Components of our Executive Compensation Program

 

Annual Cash Compensation - Base Salary

 

The purpose of base salary is to create a secure base of cash compensation for executives that is competitive with the market. Executives’ salary increases do not follow a preset schedule or formula; however, the following is considered when determining appropriate salary levels and increases: the individual’s current and sustained performance results and the methods utilized to achieve such results; and non-financial performance indicators to include strategic developments for which an executive has responsibility and managerial performance. The Compensation Committee exercises discretion in making salary decisions taking into account, among other things, each individual’s performance and the Company’s overall performance. With regard to individual performance of executive officers other than the CEO, the Compensation Committee relies to a large extent on the CEO’s evaluations of each individual executive officer’s performance.

 

Long-Term Incentive Compensation

 

Long-Term Incentives. Since 2006, our long-term incentives have been in the form of restricted stock issuances.

 

At the Annual Meeting of the Company’s stockholders held on July 28, 2006, both the PetMed Express, Inc. 2006 Employee Equity Compensation Restricted Stock Plan (“2006 Employee Plan”) and the PetMed Express, Inc. 2006 Outside Director Equity Compensation Restricted Stock Plan (“2006 Director Plan”) were approved by the stockholders. The 2006 Employee Plan and 2006 Director Plan expired on July 28, 2016, whereupon no further awards can be granted under these plans.

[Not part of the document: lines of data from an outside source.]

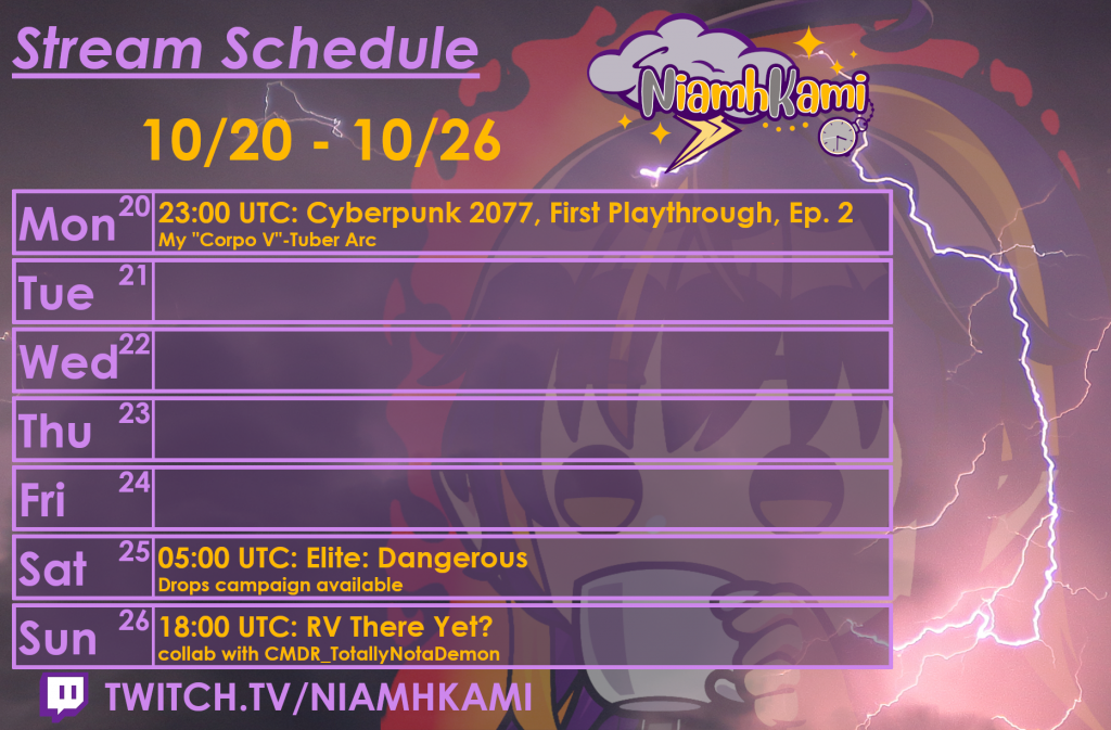 21:00 UTC 11/10 – RV There Yet (collab with CMDR_TotallyNotADemon) → Cyberpunk 2077, First Playthrough, Ep. 5
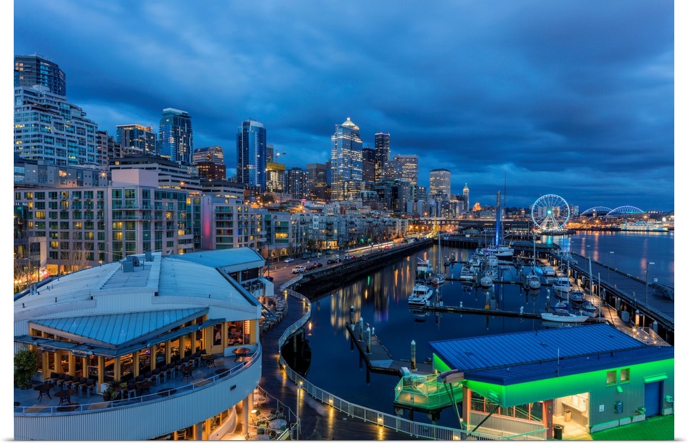 <p>City skyline at dusk from Bell Street Pier in Seattle, Washington, USA</p>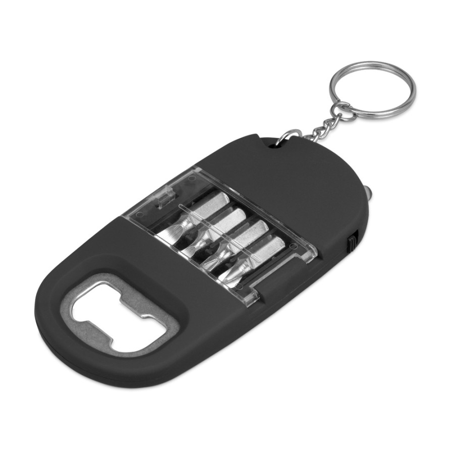 Брелок-открывалка с отвертками и фонариком Uni, софт-тач, черный (Р)

At the Annual Meeting of the Company’s stockholders held on July 29, 2016, the PetMed Express, Inc. 2016 Employee Equity Compensation Restricted Stock Plan (“2016 Employee Plan”), which was identical to 2006 Employee Plan, was approved by the stockholders, allowing awards to be made until July 29, 2026. At the Annual Meeting of the Company’s stockholders held on July 24, 2015, the PetMed Express, Inc. 2015 Outside Director Equity Compensation Restricted Stock Plan (“2015 Director Plan”), which was identical to the Amended and Restated 2006 Director Plan, was approved by the stockholders, allowing awards to be made until July 24, 2025. See “Equity Compensation Plan Information” on page 30 for a detailed description of these equity compensation plans.

 

The purpose of the 2016 Employee Plan is to promote the interests of the Company by securing and retaining employees of outstanding ability and to provide additional motivation to such employees to exert their best efforts on behalf of the Company. The Company expects that it will benefit from the added commitment that such employees will have in the welfare of the Company as a result of their ownership or increased ownership of the Company's common stock. All full-time employees are eligible to receive awards under the 2016 Employee Plan, which consist of grants of Restricted Stock.

 

The purpose of the 2015 Director Plan is to promote the interests of the Company by attracting, retaining, and compensating highly qualified individuals who are not employees or affiliates of the Company or any of its subsidiaries, to serve as members of the Company’s Board of Directors, and to enable them to increase their ownership of Company’s common stock, thereby increasing their proprietary interest in the Company and their identification with the interests of the Company’s stockholders.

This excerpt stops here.